Cambridge scientists have discovered a blood pattern that could help predict how well aging immune cells respond to the vaccine. The study, which was published today in Nature Communications, could explain why, even within susceptible patient groups, some people respond better to immunizations than others.
During the COVID-19 pandemic, it became obvious that vaccination protects some people better than others. Many studies have found that SARS-CoV-2 vaccinations are less effective in persons with compromised immune systems, but this effect is not universal.
Vaccination involves preparing the immune cells to detect and eliminate invading organisms like viruses and bacteria. This includes, in part, promoting the development of antibodies that are specifically trained to recognize a specific invader. These antibodies are produced by a type of immune cell called a B cell.
Age-associated B cells (ABCs) are one type of B cell subpopulation. While less than one in every twenty B cells in a healthy person is an ABC, the proportion gradually increases as we age. The causes of this increase are unknown, however past infections may be a factor. ABCs build even quicker in those with compromised immune systems.
A team led by Dr. James Thaventhiran from the Medical Research Council (MRC) Toxicology Unit at the University of Cambridge examined ABCs from two very different patient groups—one of people with an inherited condition that impairs the activity of their immune cells and the other of cancer patients taking immunotherapy drugs—as well as from healthy individuals.

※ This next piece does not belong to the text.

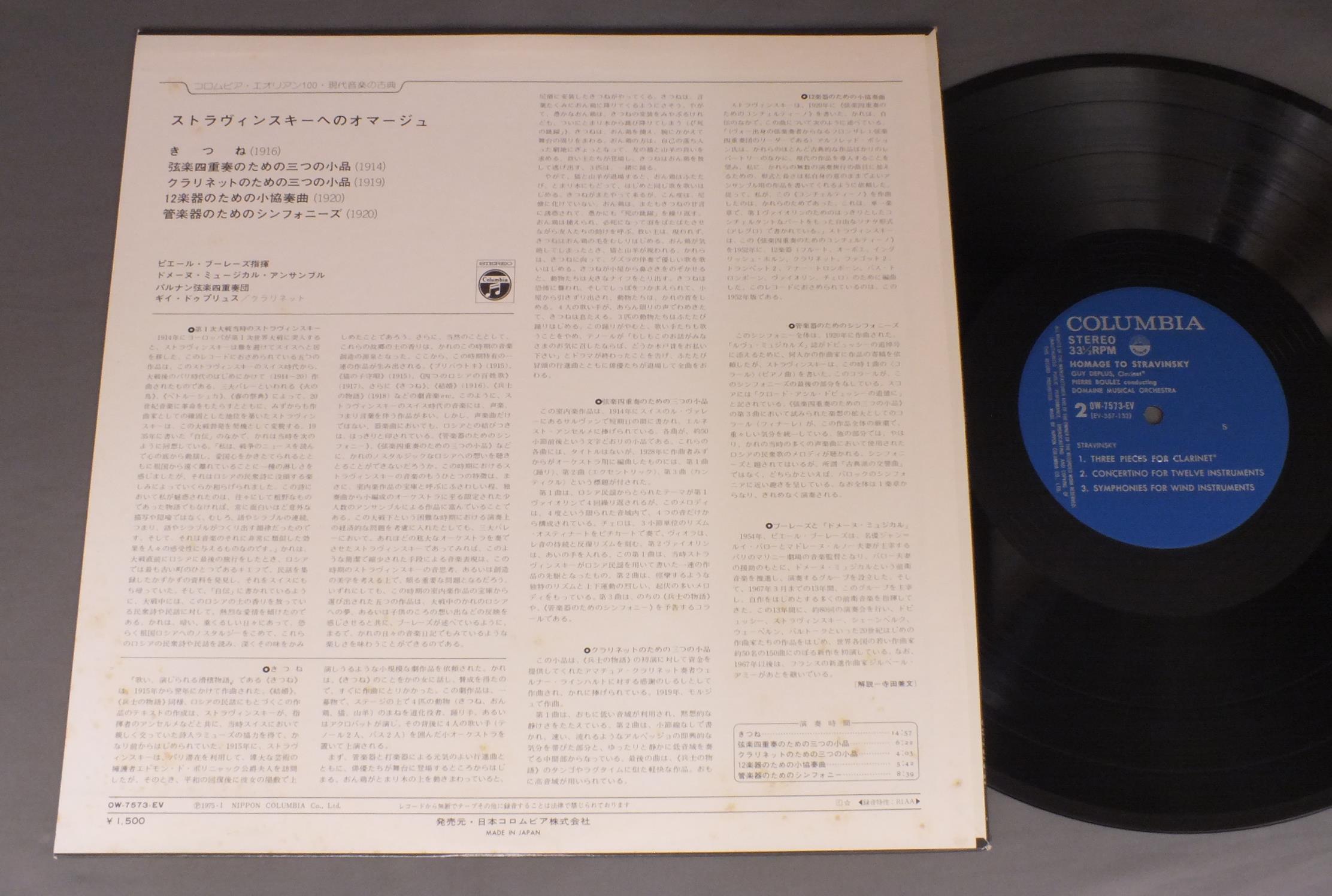 BOULEZブーレーズ/HOMAGE TO STRAVINSKYストラヴィンスキーへのオマージュ OW7573EV 製造国:日本盤 / Media:LP外観:EX-盤の状態:EX+ 価格(税込):¥990 送料 7inch:定形外郵便 360円~LP:定形外郵便 660円~送料は、注文の最終画面で確認頂けます。 レコード検索 > SWING/BIG BAND > BOULEZ/HOMAGE TO STRAVINSKY 外観 (EX-)特記事項:裏側にシミが少し。外観EX-の共通説明:ダメージ軽度~多少。 中古品としては普通の状態。シミ、ヨゴレ、スレなど軽く~多少。 盤の状態 (EX+)特記事項:極薄いスリキズ・スレ少し。一見してきれいな状態です。盤EX+の共通説明:盤面の極薄いスリキズ、スレ少し程度 音に出そうなものは無いように見える(極軽微なソフトティック音は除く)。 Tweet それぞれの画像をクリックすると、大きい写真が見られます こちらの商品もお勧めです 1,430円 TADASHI MORI etc森正 他 / MINAO SHIBATA/KATSUE KITAZONO`S SURREALISTIC VERSES柴田南雄/北園克衛の三つの詩 他 1,540円 ENSEMBLE 14 BADEN-BADEN-REICHERTバーデン・バーデン合奏団-ライヒェルト / HINDEMITH-DIE 3 KAMMERMUSIKENヒンデミット-室内管弦楽のための音楽 1,540円 HAITINKハイティンク / BRITTEN-THE YOUNG PERSON`S GUIDE TO THE ORCH.ブリテン-青少年の管弦楽入門-シンプル・シンフォニー 2,200円 ALBAN BERG QUARTETT. WIENウィーン・アルバン・ベルク弦楽四重奏団 / ALBAN BERG-STREICHQUARTETT OP3アルバン・ベルク- 作品3-弦楽四重奏のための抒情組曲 990円 S. YAMAOKA山岡重信 / TONE POEM MANDARA NO HANA-HISATADA OTAKA JAPANESE SUITE現代の日本の音楽名盤1500シリーズ 山田耕筰 - 音詩「曼陀羅の華」 尾高尚忠 - 日本組曲 平尾貴四男 - 交響詩曲「砧」 深井史郎 - パロディ的な4楽章 1,430円 GAWRILOFF/DEINZERコンタルスキー ガヴリロフ他 / MESSIAEN - QUATUOR POUR LA FIN DU TEMPSメシアン - 世の終わりのための四重奏曲 990円 SHIGENOBU YAMAOKA山岡重信 / MUSIC OF RYOHEI HIROSE廣瀬量平の音楽 990円 SODERSTROM-WINBERGH-WESTERBERGセーデルストレーム-ヴィンベリイ-ヴェステルベリイ / ALFVEN-SYM. NO4 FROM THE SEAWARD SKERRIESアルヴェーン-交響曲第4番 海辺の岩礁から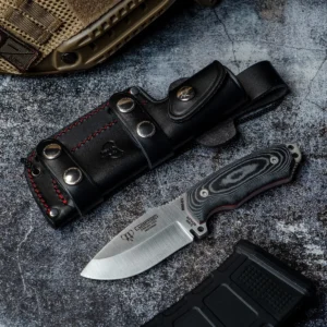 - Full-tang construction with black satin micarta scales and red spacer; secured by stainless Allen screw and threaded brass liner, plus lanyard pin, spine jimping, glass breaker and wire-break features.

Emily Horner, from Thaventhiran’s lab, explained the aim of this research, “By looking at patients’ B cells, we hoped to learn how we could stratify vulnerable patients—in other words, work out whether some patients were at greater risk from infection, even after vaccination, than others.”
The researchers compared the amount of ABCs to healthy B cells and utilized a technique known as single cell RNA sequencing to examine cell activity in detail. They also collaborated with Dr. Nicholas Matheson of the Cambridge Institute of Therapeutic Immunology and Infectious Disease to see how these factors affected a vaccinated person’s immune system’s ability to combat live SARS-CoV-2 virus.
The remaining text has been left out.